Main Success Scenario
- Developers delivers code to analyzer
- Analyzer determines membership in sub-packages/components for each file.
- Analyzer imports/embeds existing SPDX data for sub-packages/components.
- Analyzer extracts licensing and copyright information from remaining files.
- Analyzer determines the following for every remaining file in code base:
- Rights holders
- Licensing terms
- Analyzer provides above data to Compliance office.
- Compliance office looks at concluded licensing and right holder and take any necessary actions to comply with the licenses
Alternate Scenario A
- Developers delivers code to analyzer
- Analyzer determines membership in sub-packages/components for each file.
- Analyzer imports/embeds existing SPDX data for sub-packages/components.
- Analyzer extracts licensing and copyright information from remaining files.
- Analyzer determines the following for every remaining file in code base:
- Rights holders
- Licensing terms
- Analyzer provides above data to Compliance office.
- Compliance office looks at concluded licensing and right holder and determines that certain sub-packages/components are unacceptable.
- Developer removes the offending sub-components.
- Developer delivers modified code to analyzer.
- Analyzer redoes analysis (consider: not redo from scratch but re-using results of the earlier SPDX data) and provide new SPDX data to Compliance office.

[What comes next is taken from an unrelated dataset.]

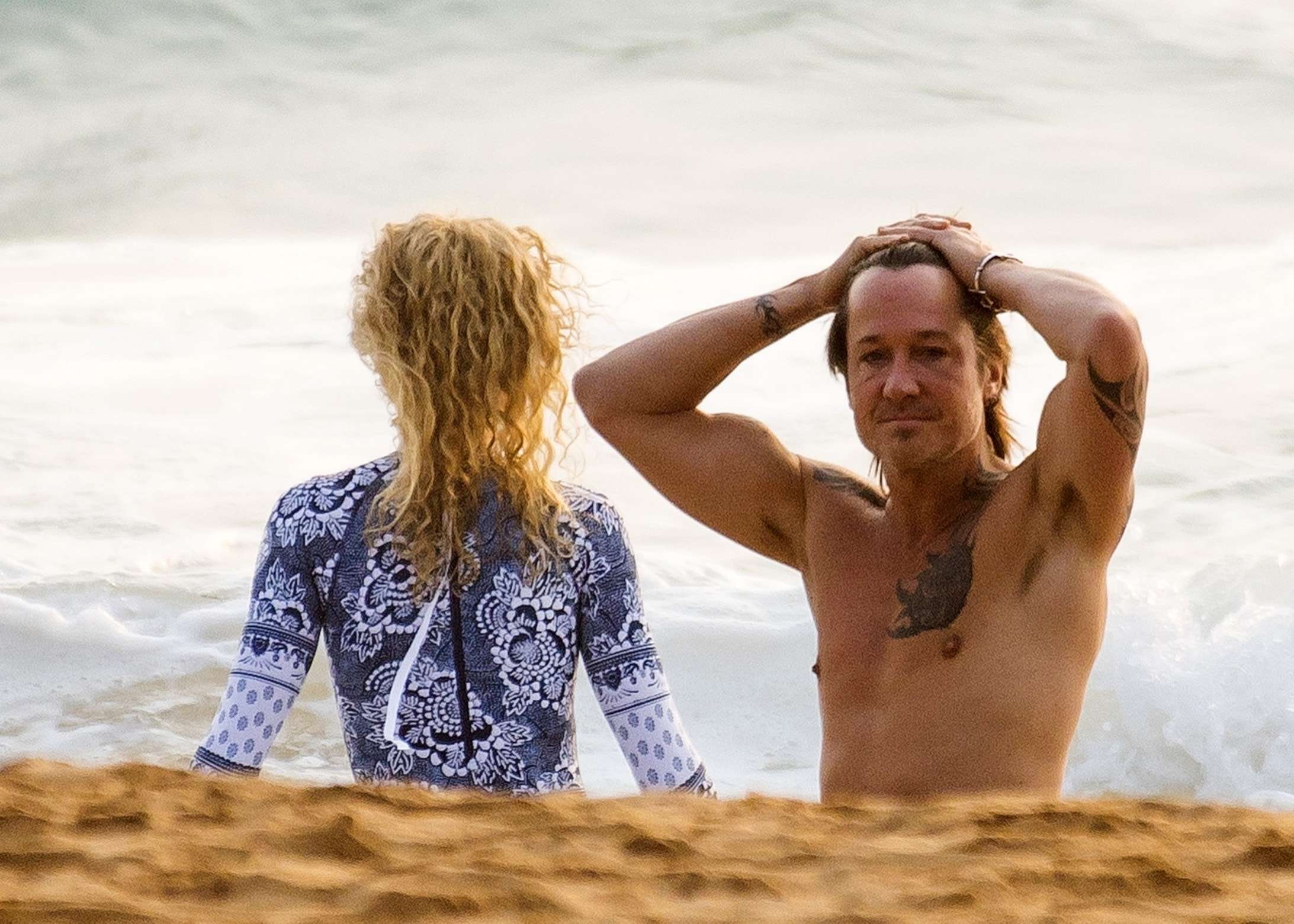 Sydney, AUSTRALIA – *EXCLUSIVE* – Nicole Kidman and husband Keith Urban hit the beach while enjoying a little couple time during their trip to her native Australia. The couple were seen going for an early swim and emerging from the water hand in hand before drying off and heading out to enjoy the rest of their day.

- Compliance office looks at concluded licensing and right holder and take any necessary actions to comply with the licenses
A failure scenario
Failed scenario if the third party auditor cannot take advantage of existing SPDX data about external packages/components in producing the SPDX data for the analyzed code which re-uses those external packages/components.